Review by Karl Verhoven
Japanese comics are hardly short of samurai epics, and some of these feudal era stories are among the best manga has to offer, so is Takehiko Inoue brave or foolhardy in initiating another? What he has going for him is offering a protagonist already known as a legend. 17th century samurai Miyamoto Musashi left an autobiographical account of his life, and numerous others have adapted and expanded it. Inoue’s Vagabond isn’t entirely an adaptation of Eiji Yoshikawa’s 1930s Mushasi, but close enough that a cover credit notes it’s based on that work, and the briefest of reviews would be that Vagabond becomes a compulsive and unpredictable saga.
At the start Musashi is known as Shinmen Takezō, first seen as a survivor on the losing side of a battle, and bit of a tearaway at seventeen, yet already fearsomely talented with a sword. He may proudly proclaim to be a vagabond, but the truth is of the lifestyle imposed via a desire to avoid troops hunting for him. This combines what was originally released as Vagabond Vols 1, 2, and 3, and running 31 chapters together blurs the distinction of Inoue deliberately presenting a growing personality and very different leading man in each of the three individual volumes. The key sequence is the middle portion in which Takezō’s potential is acknowledged by someone forcing him to confront his shortcomings and who eventually provides the Musashi name.
If Musashi’s progress is gradual, it takes no time at all for Inoue’s art to captivate. There’s no real weakness. His characters resonate, his pacing is immaculate, and his action scenes are well thought through and choreographed, which shouldn’t be a surprise considering his first success was a basketball series. Most impressive of all is his work rate in search of a pleasing page, or even panel. Decorative detail is included at almost every opportunity, and perhaps in reaction to so much work on a basketball series of necessity largely set in urban environments, he relishes the surroundings of nature. The importance of nature is underlined when Mushashi acknowledges the skill of his undesirable father before proclaiming “the mountains and everything in them have been my only other teachers”.
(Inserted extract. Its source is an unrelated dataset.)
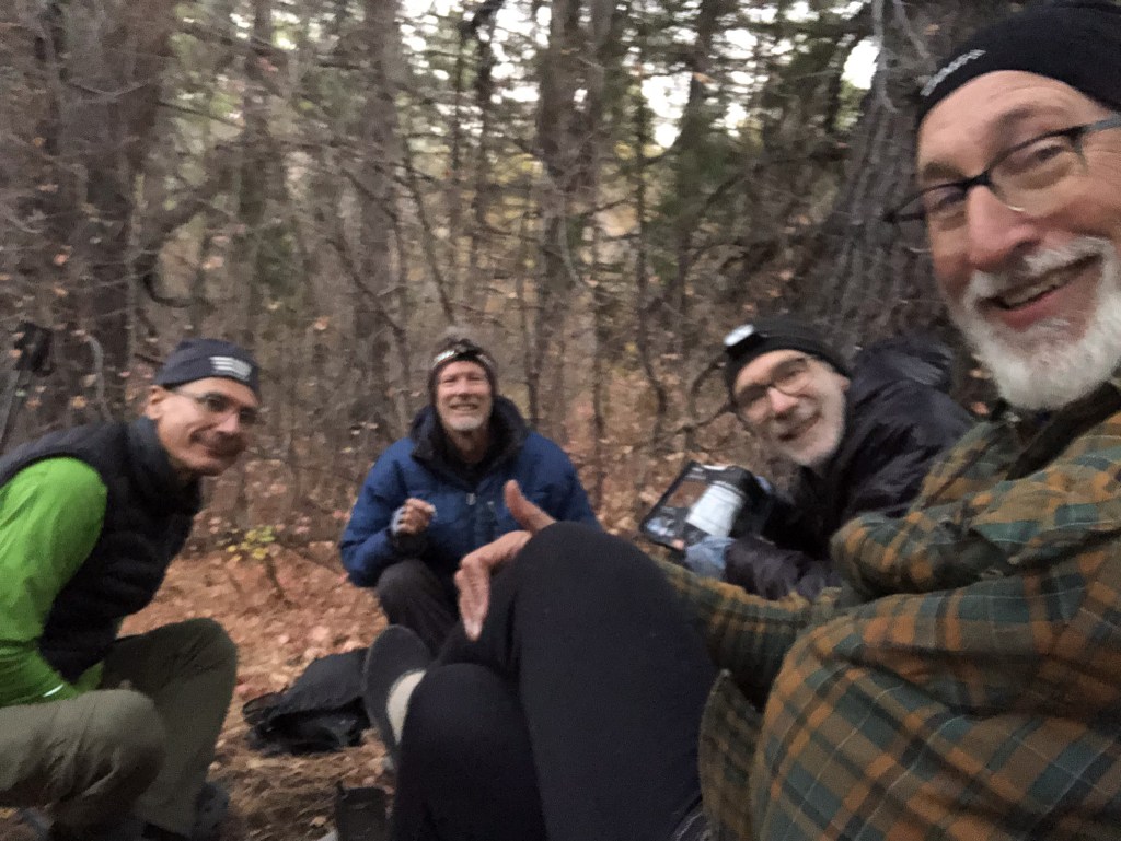 Back at camp, Mike had greeted our return by waving to us when we emerged into the valley. There wasn’t a lot of daylight left, so we got started on our dinners, and awaited Paul’s arrival. I decided to send a message to Paul’s loved ones just to keep them in the loop, that I know they know he is out there alone and walking, and we are keeping an eye on the clock and anticipate his arrival any time. As we ate our dinners, and the light faded more, I will admit a wee bit of worry on my part, enough at one point to grab my head lamp and to venture out onto the trail to intercept him. I did test the echo nature of our Valley, and it was a very nice echo indeed, so there had been at least 3 “PAUL!” calls with no answer. To us, the echo seemed fairly substantial, but physics and 1/r2 probably doesn’t carry as far as you might think, so it was time to walk. Ha! I got only as far as Horse Camp B when I saw the lanky frame of Paul ambling towards me with a giant smile on his face. Contact.

By what was originally presented as Vagabond Vol. 3, Inoue has jumped Musashi forward four years to arrive in Kyoto, confident in his own ability and wanting to improve by challenging the local sword school. It’s a prolonged exercise in tension, with small pauses between, and as such differs from the remainder and indicates a willingness on Inoue’s part to push the boundaries.
So far very enjoyable, but the potential is there for something magnificent.